This insurance does not apply to:
* * *
  h. "bodily injury" expected or intended from the standpoint of the insured. This exclusion includes but is not limited to:
  any liability for acts committed by or at the direction of an insured with the deliberate intent to injure: and any liability for acts committed by or at the direction of an insured in which the act is substantially certain to cause "bodily injury" when all three of the following conditions are met:
  (a) an insured knows of the existence of a dangerous process, procedure, instrumentality or condition within its business operation;
  (b) an insured knows that if an employee is subjected by his employment to such dangerous process, procedure, instrumentality or condition, then harm to the employee will be substantially certain; and
  (c) an insured under such circumstances and with such knowledge, does act to require the employee to continue to perform the dangerous task;
* * *
  In construing the general policy and the endorsement, we interpret the contract in its entirety. Burris v. Grange Mut. Cos. (1989), 46 Ohio St. 3d 84, 89, overruled on other grounds, Savoie v. Grange Mut. Ins. Co. (1993), 67 Ohio St. 3d 500. In other words, the endorsement must be read as if its terms were printed directly in the body of the general policy.  Baker v. Aetna Casualty  Surety Co. (1995),  107 Ohio App. 3d 835, citing Jay Huddle Storage, Inc. v. Midwestern Indemnity Co. (Jan. 13, 1986), Henry App. No. 7-84-13, unreported.
There are two types of intentional torts existing under Ohio law.Harasyn v. Normandy Metals, Inc. (1990), 49 Ohio St. 3d 173, 175. One is described as a "direct intent" tort such as battery where "the actor does something which brings about the exact result desired." Id. The other, which appears in the employment context, is a "substantial certainty" intentional tort in which the "actor does something which he believes is substantially certain to cause a particular result, even if the actor does not desire that result." Id. In order to establish intent for the purpose of proving a "substantial certainty" intentional tort, the employee must demonstrate:
  * * * (1) knowledge by the employer of the existence of a dangerous process, procedure, instrumentality or condition within its business operation; (2) knowledge by the employer that if the employee is subjected by his employment to such dangerous process, procedure, instrumentality or condition, then harm to the employee will be a substantial certainty; and (3) that the employer, under such circumstances, and with such knowledge, did act to require the employee to continue to perform the dangerous task.

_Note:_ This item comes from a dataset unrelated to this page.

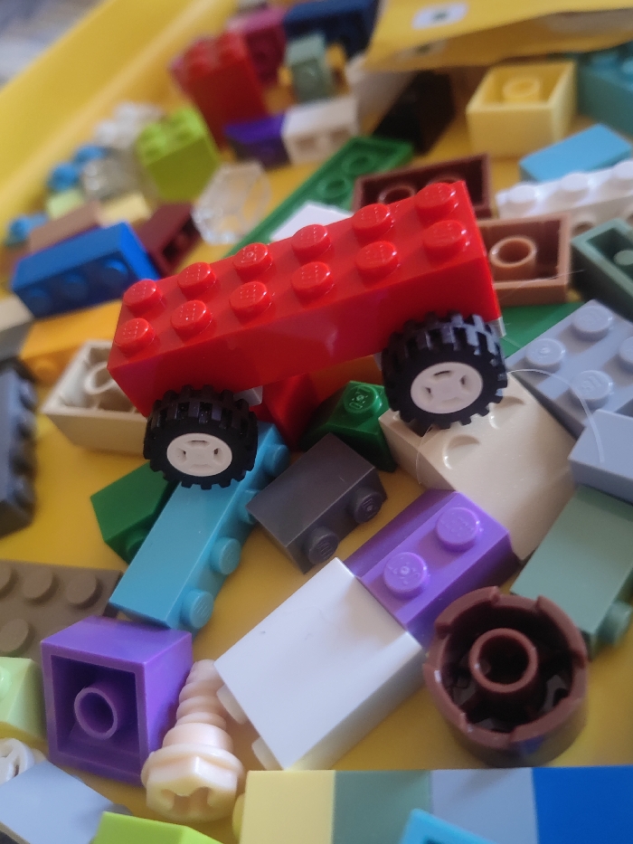 The image displays a cluttered collection of multi-colored plastic building blocks, resembling LEGO bricks, resting on a bright yellow surface. Dominating the mid-ground is a red 2x4 stud brick with two black wheels, each featuring a white hub, attached to its underside, suggesting a partially constructed vehicle. This red piece rests upon other blocks, including a teal-blue rectangular brick and a tan-colored brick. Surrounding the central red assembly are numerous other blocks of various sizes, shapes, and colors, including yellow, green, brown, white, purple, grey, dark grey, blue, and light green. Notable individual pieces include a purple square block, a tan screw-like piece, and a brown cylindrical piece. The background consists of additional, out-of-focus blocks scattered across the yellow surface. No individuals are present. The location is an indoor setting, Unknown, Unknown.

 Fyffe v. Jeno's, Inc. (1991), 59 Ohio St. 3d 115, paragraph one of the syllabus.
The Ohio Liability Coverage Enhancement was clearly written to exclude coverage of both "direct intent" employer torts and "substantial certainty" employer torts. Despite this language, appellants maintain that Penn Traffic is entitled to coverage under this policy.
Appellants rely on the "Who Is An Insured" section of the Ohio Liability Coverage Enhancement to support their position.1 This provision provides that the executive officers, directors, and stockholders of corporations are insureds; however, it does not declare employees of the corporation to be insureds. Appellants argue that Mrs. Ramsey's injuries were caused by a Big Bear employee's actions. Because employees were intentionally deleted from the "Who Is An Insured" section of the enhancement, appellants assert that a reasonable reading of the policy is that the only acts excluded from coverage are those personally committed by or at the direction of the corporation's officers, directors or stockholders.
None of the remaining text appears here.